November 04, 2008

That's How the Saying Goes, Part 1


by Deeanne Gist

One of my favorite things about reading and writing historicals is discovering the origin of some of our common everyday sayings and customs. Here are a few of my favorites.

  • Most people got married in June because they took their yearly bath in May, and still smelled pretty good by June. However, they were starting to smell, so brides carried a bouquet of flowers to hide the body odor. Hence the custom today of carrying a bouquet when getting married.

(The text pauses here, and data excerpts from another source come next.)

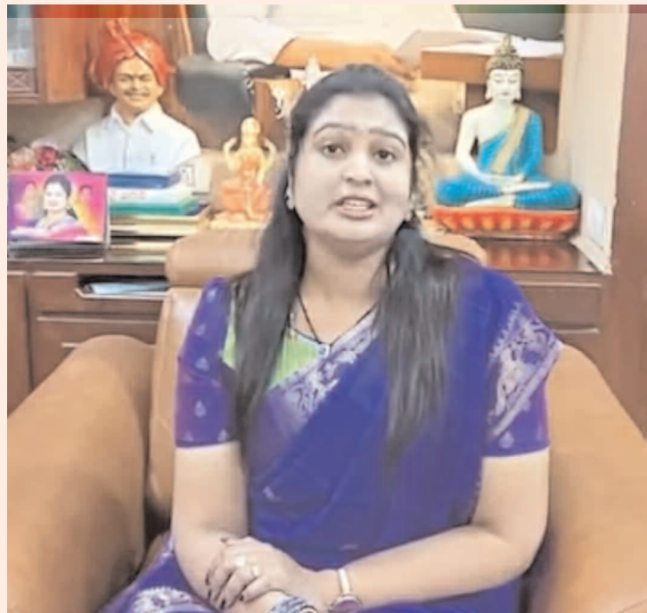
పోవడంతో వ్యాపారులు ఇష్టానుసారంగా వ్యవహరిస్తున్నారని తెలిపారు. జీడి రైతులను మోసగిస్తున్నారని తెలిపారు.
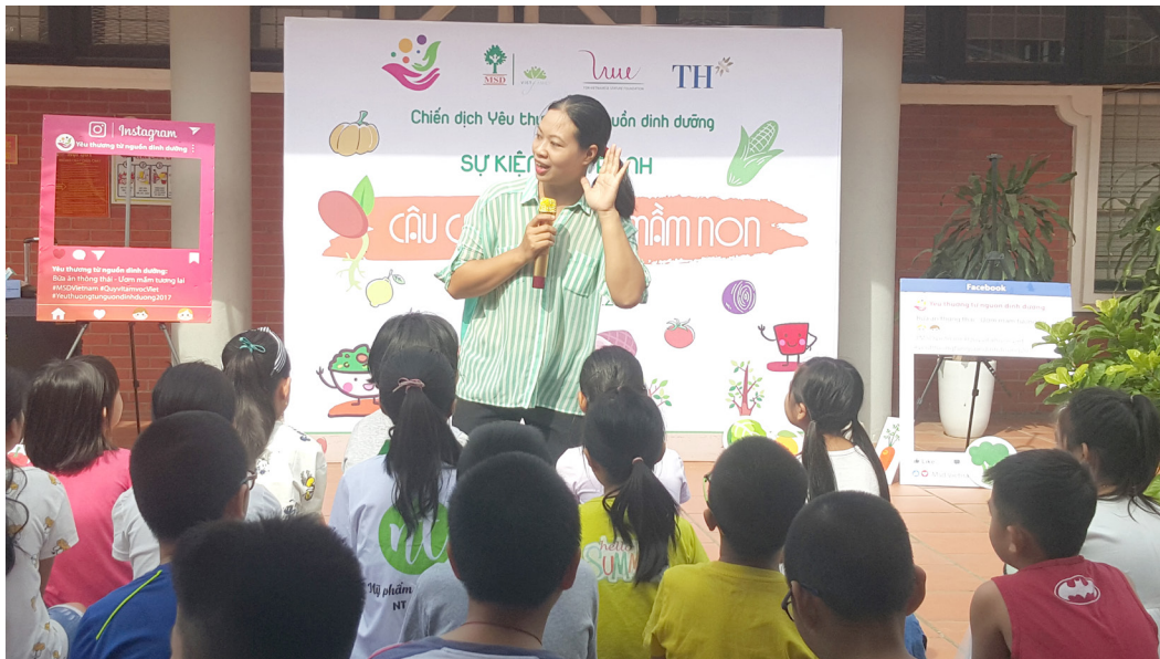
Lắng nghe trẻ em nói.

Ngày hội Yêu thương từ nguồn dinh dưỡng diễn ra ngay sau chuỗi sự kiện Cuộc thi Sáng tạo tác phẩm truyền thông “Câu chuyện của Mầm non” (đến ngày 20.10.2017); Sự kiện vẽ tranh “Câu chuyện của Mầm non” (15.10.2017), Tọa đàm dinh dưỡng “Con không muốn làm máy nghiền thức ăn” (21.10.2017) ... , là điểm nhấn cũng như là hoạt động khép lại Chiến dịch “Yêu thương từ nguồn dinh dưỡng” năm 2017.
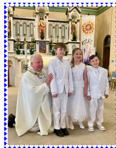
Pirma komunija 1st Eucharist
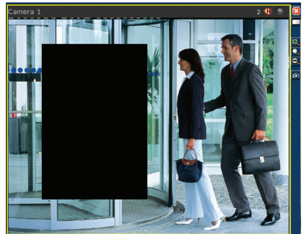
Область, замаскированная с использованием функции конфиденциальных зон Privacy Zones
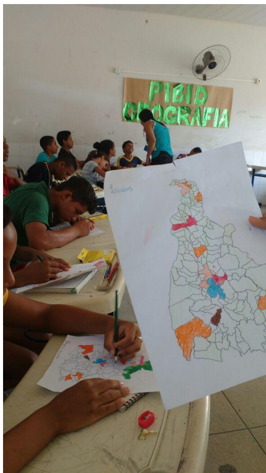
Figura 2 – Confeção do mapa político do Tocantins

Segundo dia: fizemos uma breve apresentação sobre o tema, de início apresentamos o mapa mundi, mapa do Brasil e mapa do estado do Tocantins, realizamos um mapa político dos municípios do estado juntamente com os alunos (figura 2), aplicando os conhecimentos políticos, populacionais e cartográficos, os alunos pintaram os mapas de acordo com o que propomos (figura 3). Após finalizarmos fizemos uma breve análise sobre o que foi feito, tiramos as dúvidas e terminamos com algumas considerações relacionadas ao tema.
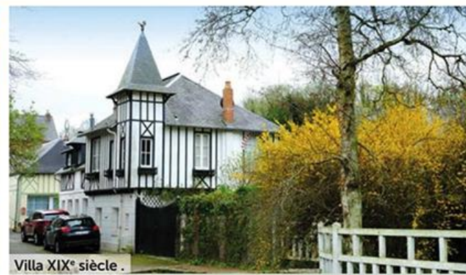
Villa XIX e siècle.
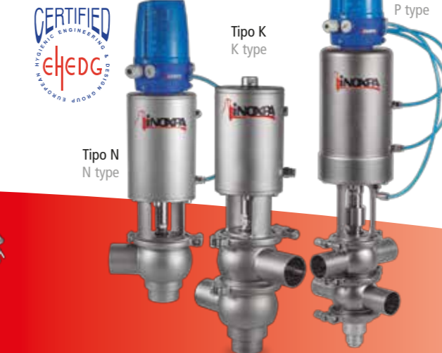
Tipo N N type Tipo K K type Tipo P P type
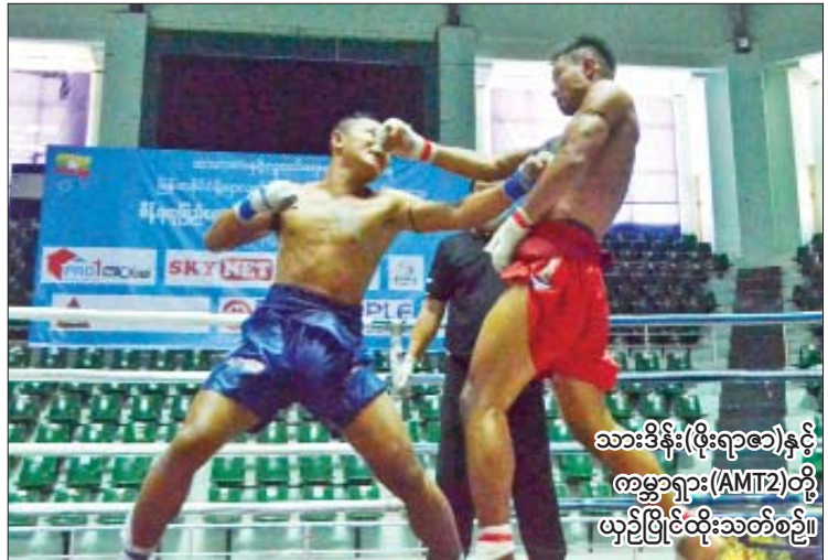
သာဒိန်း(ဖိုးရာဇာ)နှင့် ကမ္ဘာရှား(AMT2)တို့ ယှဉ်ပြိုင်ထိုးသတ်စဉ်။

အဆိုပါပြိုင်ပွဲသို့ ရန်ကုန်တိုင်း ဒေသကြီး အစိုးရအဖွဲ့လုံခြုံရေးနှင့် နယ်စပ် ရေးရာဝန်ကြီး ဗိုလ်မှူးကြီးဝင်းတင့်၊ တိုင်းဒေသကြီး အားကစားနှင့် ကာယ ပညာဦးစီးဌာနမှ ညွှန်ကြားရေးမှူးများ၊ မြန်မာနိုင်ငံရိုးရာလက်ဝှေ့အဖွဲ့ချုပ်ဥက္ကဋ္ဌ ဦးသိန်းအောင်နှင့် အမှုဆောင်များ၊ အားကစားသမားများ ကြည့်ရှုအားပေးကြ သည်။ ယင်းပြိုင်ပွဲကို ပရိသတ်မပါဘဲ ကျင်းပခဲ့ပြီး ကျန်းမာရေးဝန်ကြီးဌာနက ထုတ်ပြန်ထားသည့် ကိုဗစ်-၁၉ ရောဂါ စည်းကမ်းနဲ့အညီ ကျင်းပခဲ့ခြင်းဖြစ် သည်။
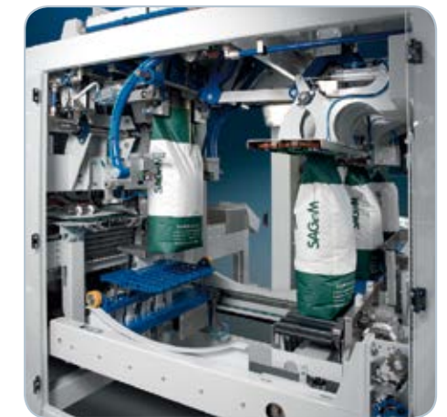
Plniace miesto a uzatváranie vriec
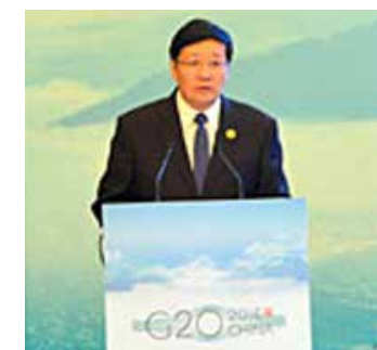
中國財政部部長樓繼偉

中國財政部部長樓繼偉點出了稅收對於協調全球經濟規則以及促進全球經濟復甦的重要性，總結了四項主張來推動國際稅收新秩序：一是要求各國密切關注全球稅收發展動向；二是深化國際稅務合作；三是持續加強稅收能力建設；四是合理運用稅收政策工具。

  • Baths consisted of a big tub filled with hot water. The man of the house had the privilege of the nice clean water, then all the other sons and men, then the women and finally the children. Last of all were the babies. By then the water was so dirty you could actually lose someone in it. Hence the saying, "Don't throw the baby out with the bath water."

  • Houses had thatched roofs (roofs made of thick layers of straw piled high) with no wood underneath. It was the only place for animals to get warm, so all the cats and other small animals (mice, bugs) lived in the roof. When it rained it became slippery and sometimes the animals would slip and fall off the roof. Hence the saying "It's raining cats and dogs."

  • There was nothing to stop things from falling into the house. This posed a real problem in the bedroom where bugs and other droppings could mess up your nice clean bed. Hence, a bed with big posts and a sheet hung over the top would afford you some protection. That's how canopy beds came into existence.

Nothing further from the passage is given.